▶ PROBLEM STATEMENT
Write out again, exactly as they appear, the lines from the start of the data below through the line with "Gegenüber der Haupttribüne"; no pictures.

Items from a dataset:
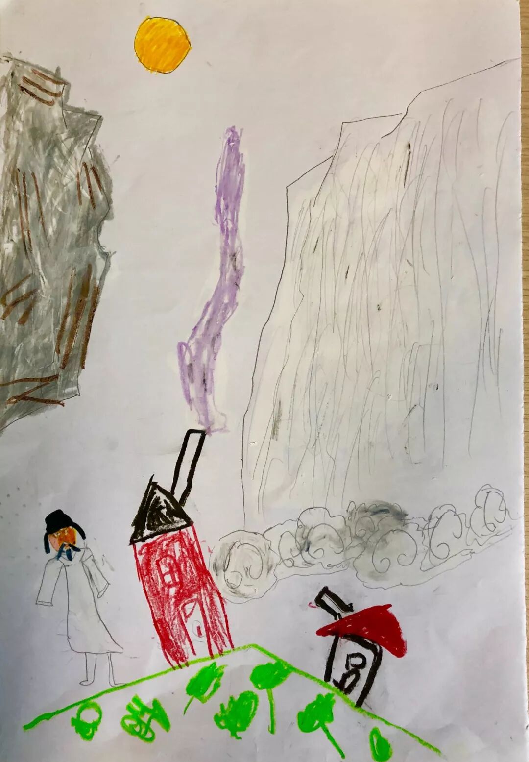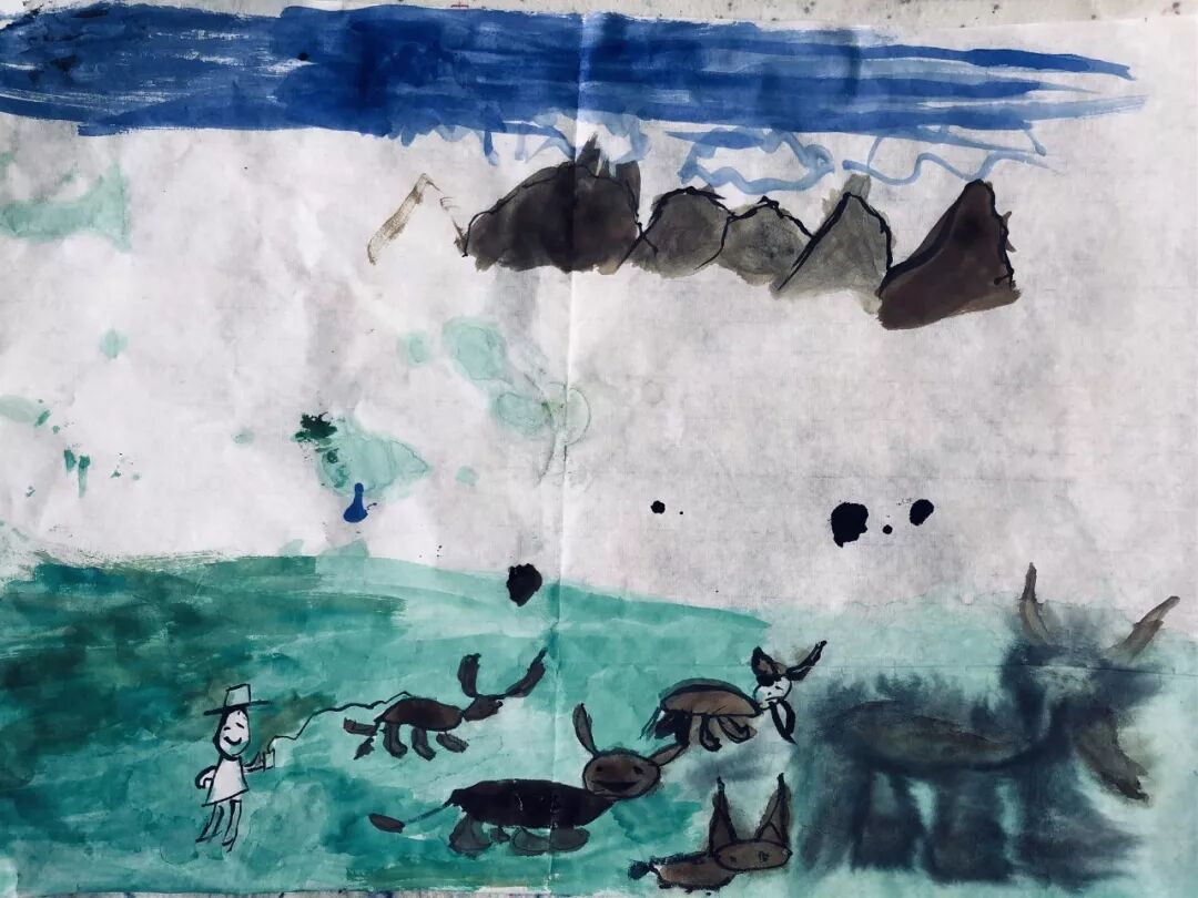 关于画中的《登鹳雀楼》,小土豆描述道:有黄河还有海,我们把鹳雀楼画得很高,因为诗中写了“欲穷千里目,更上一层楼”,我们觉得登得高才能看得远。
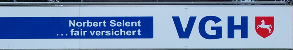 Gegenüber der Haupttribüne befindet sich die Bande der VGH Versicherung. Norbert Selent hat den alten Platz seines Vorgängers Gerhard Schwake übernommen und möchte die traditionell gute Zusammenarbeit zwischen dem SVE und der VGH fortsetzen.
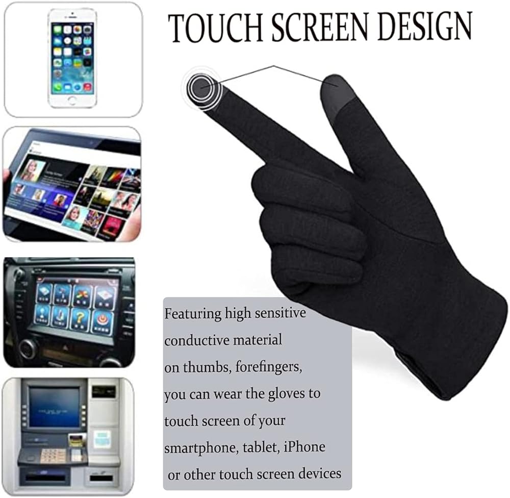 HIGH SENSITIVE TOUCHSCREEN: Featuring high sensitive conductive material on thumbs and forefingers, you can wear the gloves to touch screen of your smartphone, tablet or other touch screen devices.The gloves work just like using your fingers.
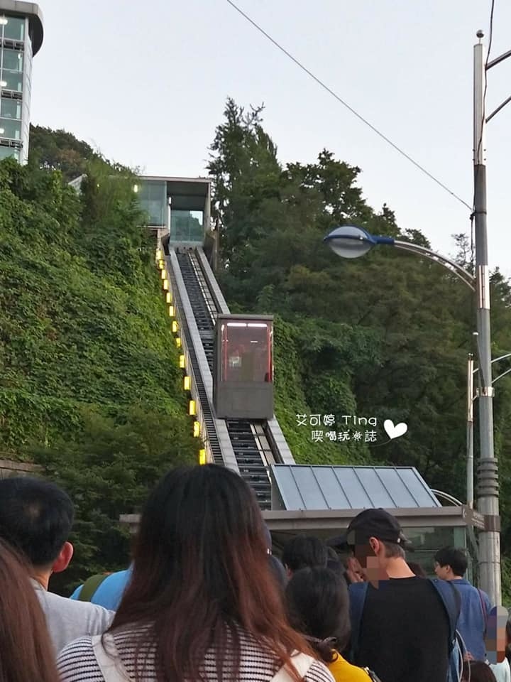 接著就又回到明洞,準備搭透明纜車去首爾塔,光是排這電梯跟買票就花了超久時間
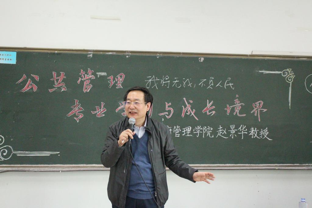 2019年3月27日下午2点,kaiyun开云官方网站院长赵景华教授在主教308室为2018级全体本科生作题为“公共管理:专业学习与成长境界”的专题演讲,院团委副书记、2018级辅导员刘家琦老师主持此次讲座。
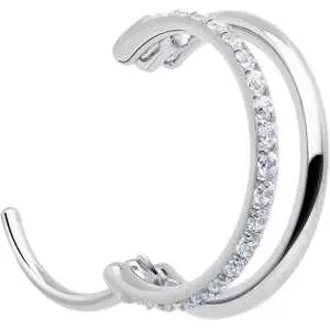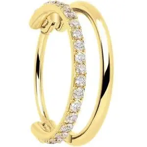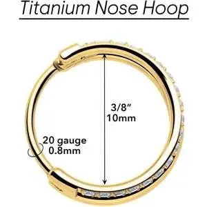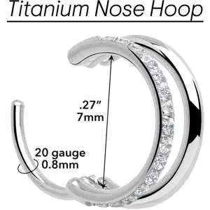 . Only one piercing is required for this double nose piercing ring. It is made with a ASTM F-136 titanium implant grade hinged circular ring. This hoop nose ring features one single row hoop paved with dazzling forward facing cubic zirconia gemstones for total glamour.
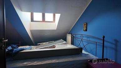 -Piano primo mq 64, composto da 3 camere da letto e 1 wcd. Da scala si accede al sottotetto di mq 64 composto da un unico grande ambiente mansardato con tetti spioventi.
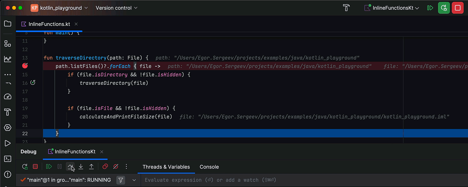 IntelliJ IDEA 2024.2 为 Kotlin 调试体验带来了重大改进。 您现在可以使用 Step Over(步过)来迭代 forEach 循环并进入内联函数 lambda,无需跳过重要代码。 您不再需要记住对内联函数使用 Step Into(步入),这有助于确保您不会错过代码的关键部分。 现在,您可以逐步执行 forEach、let 和 filter 内联函数,就像逐步执行常规循环和条件一样。

▶ ANSWER
 关于画中的《登鹳雀楼》,小土豆描述道:有黄河还有海,我们把鹳雀楼画得很高,因为诗中写了“欲穷千里目,更上一层楼”,我们觉得登得高才能看得远。
 Gegenüber der Haupttribüne befindet sich die Bande der VGH Versicherung. Norbert Selent hat den alten Platz seines Vorgängers Gerhard Schwake übernommen und möchte die traditionell gute Zusammenarbeit zwischen dem SVE und der VGH fortsetzen.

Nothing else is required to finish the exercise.